Although not directly measured, it is possible that herbicides that injured corn or reduced height could delay canopy closure. Any delay in canopy closure would negatively affect weed control (Anderson 2008). Given the negative effects of reduced crop height, prometryn- and propazine-containing treatments should also be eliminated from additional testing. Corn tolerance to diuron-, linuron-, metribuzin-, and simazine-containing treatments applied PRE should be further tested to validate the tolerance observed in this study. Furthermore, weed control trials should also be conducted for these herbicides and herbicide combinations to ensure adequate replacement of atrazine.

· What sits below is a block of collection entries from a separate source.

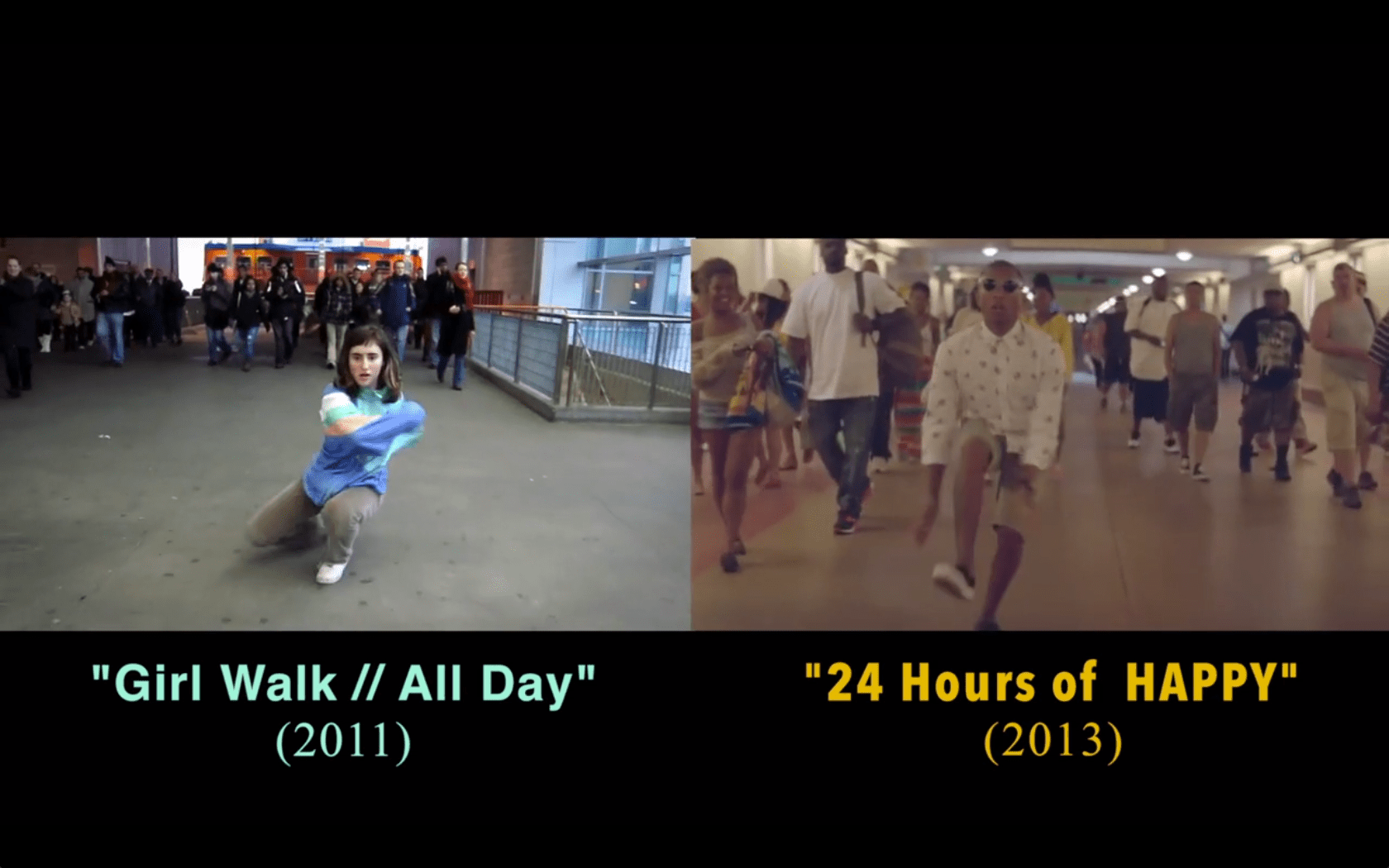 Last year, well before "Happy" became the inescapable 10-week reigning #1 single it is today, Pharrell released a star-studded, globetrotting 24-hour music video for the song. It inspired more than 1,000 remakes and became the kind of viral sensation that everybody saw. That included Anne Marsen, a 24-year-old Brooklyn actress and dancer who couldn't help but notice some striking similarities between "24 Hours Of 'Happy'" and Girl Walk // All Day, a 71-minute film she made in 2011 in which she dances in locations around New York City to the sounds of Girl Talk's mashup album All Day. So she made this video to point out the resemblance.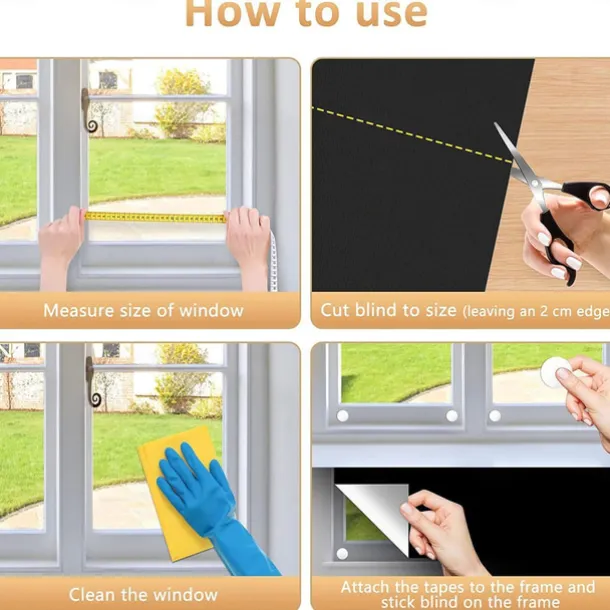– Customizable Shape for Any Window: Our temporary blackout window shades can be easily cut to any shape or size needed for camper, doors, patio glass, skylight, small and large windows. Install with double-sided patches on each side to ensure maximum blackout, and cut the door blackout cover oversized to minimize light entering.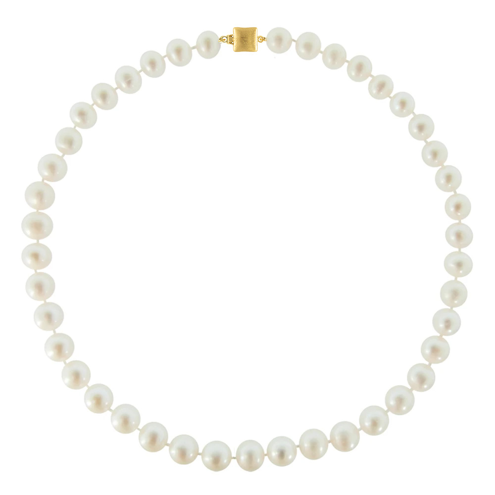 Κολιέ με Κ14 χρυσό κούμπωμα και λευκά μαργαριτάρια 10-11mm - F126002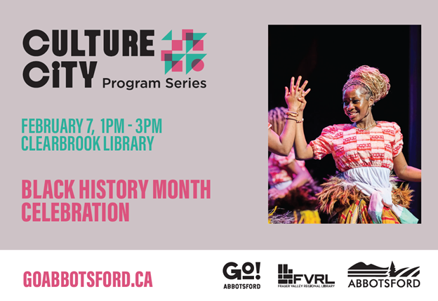 The Fraser Valley Heritage Elevation Society in collaboration with the City of Abbotsford and Abbotsford Libraries, FVRL is honored to host the 2026 Black History Month Celebration, a vibrant event dedicated to recognizing the resilience, achievements, and cultural contributions of Black peoples in Canada. This year’s celebration will feature a dynamic presentation on Canadian Black history, traditional African dance performances, drumming, and storytelling that highlight the richness and diversity of African heritage.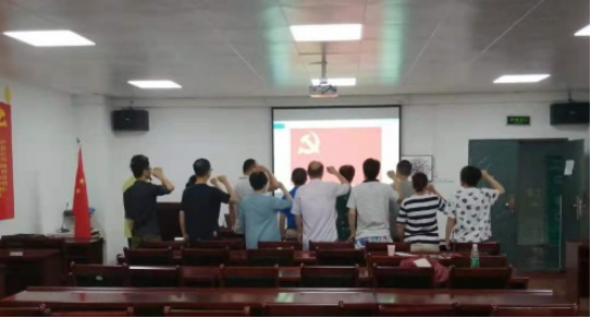最后,黄建平同志带领支部成员在鲜艳的党旗下庄严宣誓,重温了入党誓词。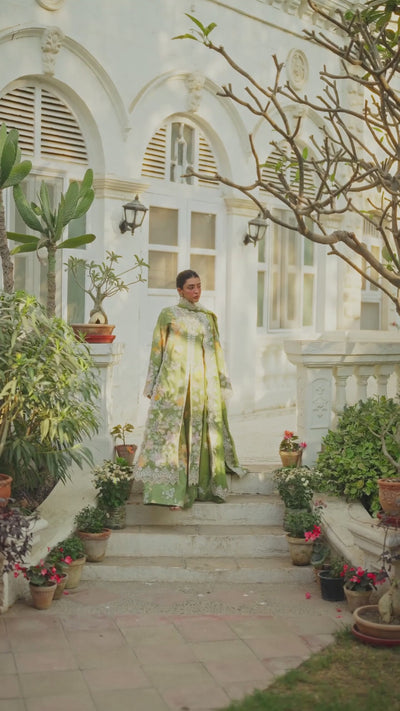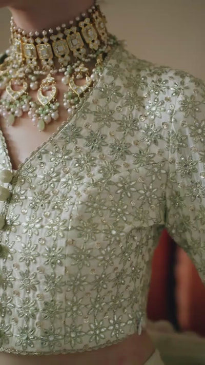 This gorgeous turquoise lehenga choli is a fascinating fusion of classic creativity and everlasting beauty that exudes appealing attractiveness. The choli features a jewel-like neckline, crafted from sheer organza and adorned with intricate patterns brought to life through meticulous hand embellishments. A mesmerizing interplay of light gold tilla, sequins, panni, pearls, and cut dana work creates a dazzling tapestry of artistry. The flared lehenga showcases heavily embellished panels and stunning applique details, while the embroidered organza dupatta adds a delicate charm, elevating the glamour of this eternal masterpiece.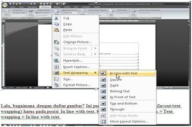 - Lalu, bagaimana dengan daftar gambar? Ini pun tidak sulit. Posisi gambar (layout/text Wrapping) harus pada posisi In line with text. Kalau belum, bisa klik kanan > Text wrapping > In line with text.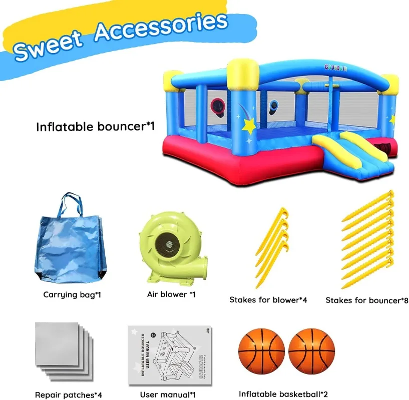 Products include inflatable bouncer, heavy duty blower,stakes for blower,stakes for bouncer,repair patches,carrying bag,inflatabe basketball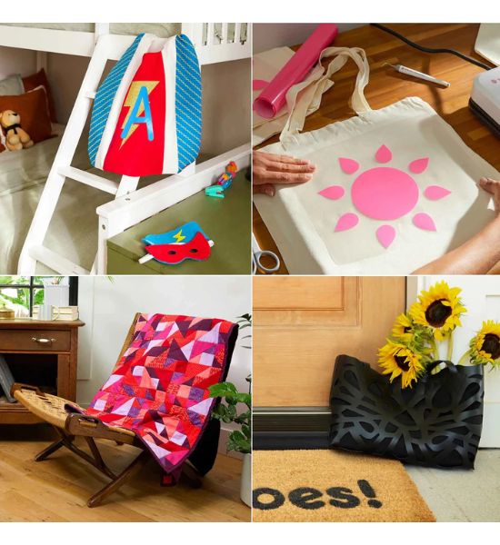 Cut 5 preset quilting shapes automatically — squares, triangles, and more — for quick, accurate patchwork assembly.
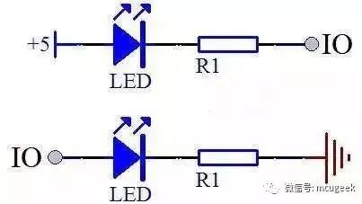 圖 3-9 中上邊的 LED 燈,和我們第二課講過的 LED 燈是一樣的,當 IO 口是高電平時,小燈熄滅,當 IO 口是低電平時,小燈點亮。那么下邊的電路呢,按照這種推理,IO 口是高電平的時候,應該有電流流過并且點亮小燈,但實際上卻并非這么簡單。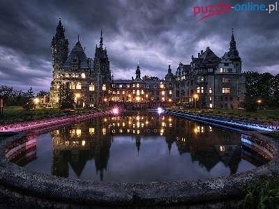Fontanna, Polska, Pałac, Światła, Moszna, Opolskie, Zmierzch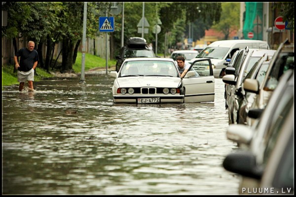 Vakar, 16. jūlijā, spēcīgais lietus appludināja Rīgas ielas.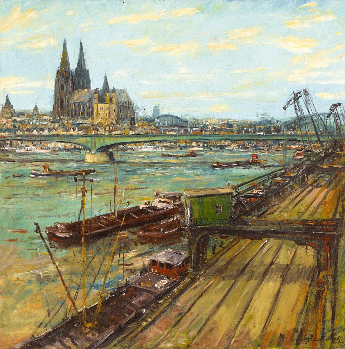 Ansicht von Köln. Unten rechts: Rudolph. Öl auf Leinwand. 70,5 x 70,5cm. Rahmen.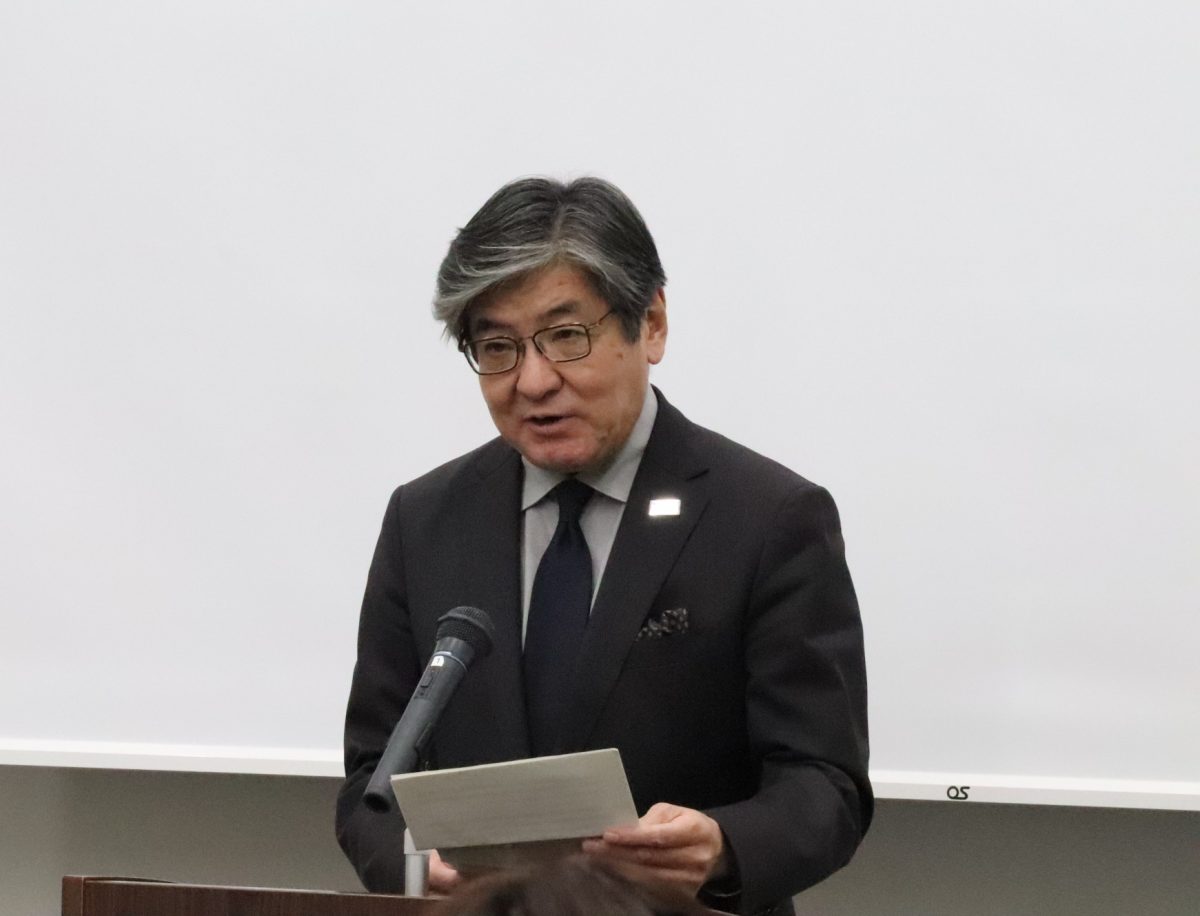 その後、講座を担当した岡嘉弘水素・燃料電池技術ナノ材料研究センター客員教授による総括報告がされ、中村学長から修了生に修了証書が授与されたのち、修了生代表がこれまでの感謝と今後の決意を述べました。最後に、飯山明裕水素・燃料電池ナノ材料研究センター特任教授が閉会の挨拶を述べました。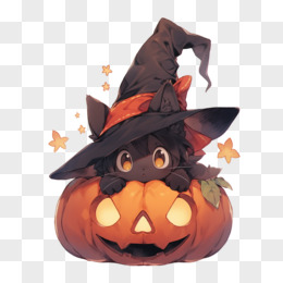 戴着魔法帽的可爱黑猫趴在南瓜灯元素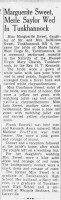 Marguerite Saylor, of Stark Road, Tunkhannock, passed away Tuesday, Feb. 14, 2012, at Golden Living Center. Born in Endicott, N.Y., on Sept. 25, 1928, she was the daughter of the late DeWilton and Cecelia Kochmer Sweet.

The same factors should be considered for POST application of these herbicides. On the basis of crop injury, relative crop height, and relative yield in 2017 and 2018, only metribuzin- and simazine-containing treatments should be further assessed for crop tolerance and weed control when applied POST. Efforts should be made to evaluate these herbicides over as many diverse environments as possible.
The authors would like to thank the Arkansas Corn and Grain Sorghum Board for funding this study, and the University of Arkansas System Division of Agriculture for their support. No conflicts of interest have been declared.